Despite these few successes, the search for new prognostic and predictive biomarkers, especially those personalized for individual patients, is complicated by the numbers of rare mutations in cancer and the difficulties in interpreting their effects. All cancers are heterogeneous mixes of clones, each with up to hundreds of de novo nonsynonymous mutations (Vogelstein et al., 2013). We currently try to assign causative mutations by finding genes or networks of genes associated with cancer progression or risk and using predictive tools to stratify mutations occurring in those genes. This approach can miss rare variants of large effect as well as variants that are pathogenic only when combined.

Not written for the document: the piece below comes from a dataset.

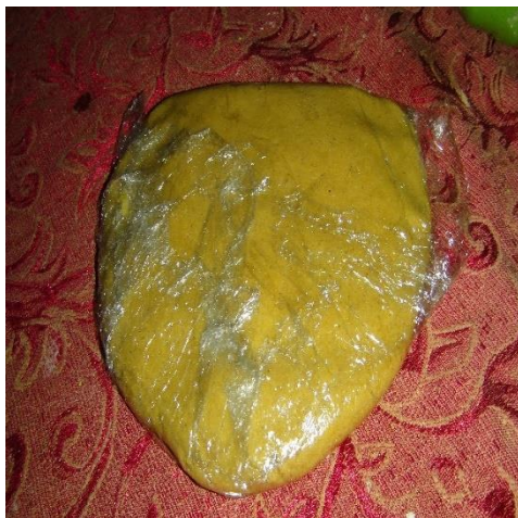
Figura 15. Formar una masa y llevar a la nevera en papel film.

Even a recurrent mutation may not be clinically important. For example, large numbers of mutations in a panel of genes recurrently mutated in skin cancers were found in histologically normal skin tissue, suggesting that a cancer-inducing environment or some combination of these mutations is necessary for complete transformation (Martincorena et al., 2015). Estimates that it may take more than a decade for tumor expansion to occur after the initiating driver mutation indicate that the multiple changes required for malignancy accumulate slowly (Yachida et al., 2010). However, tumor expansion likely occurs in a quick, punctuated manner without obvious intermediates between normal and bulk tumor cells (Navin et al., 2011), complicating efforts to determine which variants contribute to the tumor phenotype. It would clearly be useful in prioritizing drug targets and assessing risk to know the marginal fitness advantage conferred to a cancer by each genomic change.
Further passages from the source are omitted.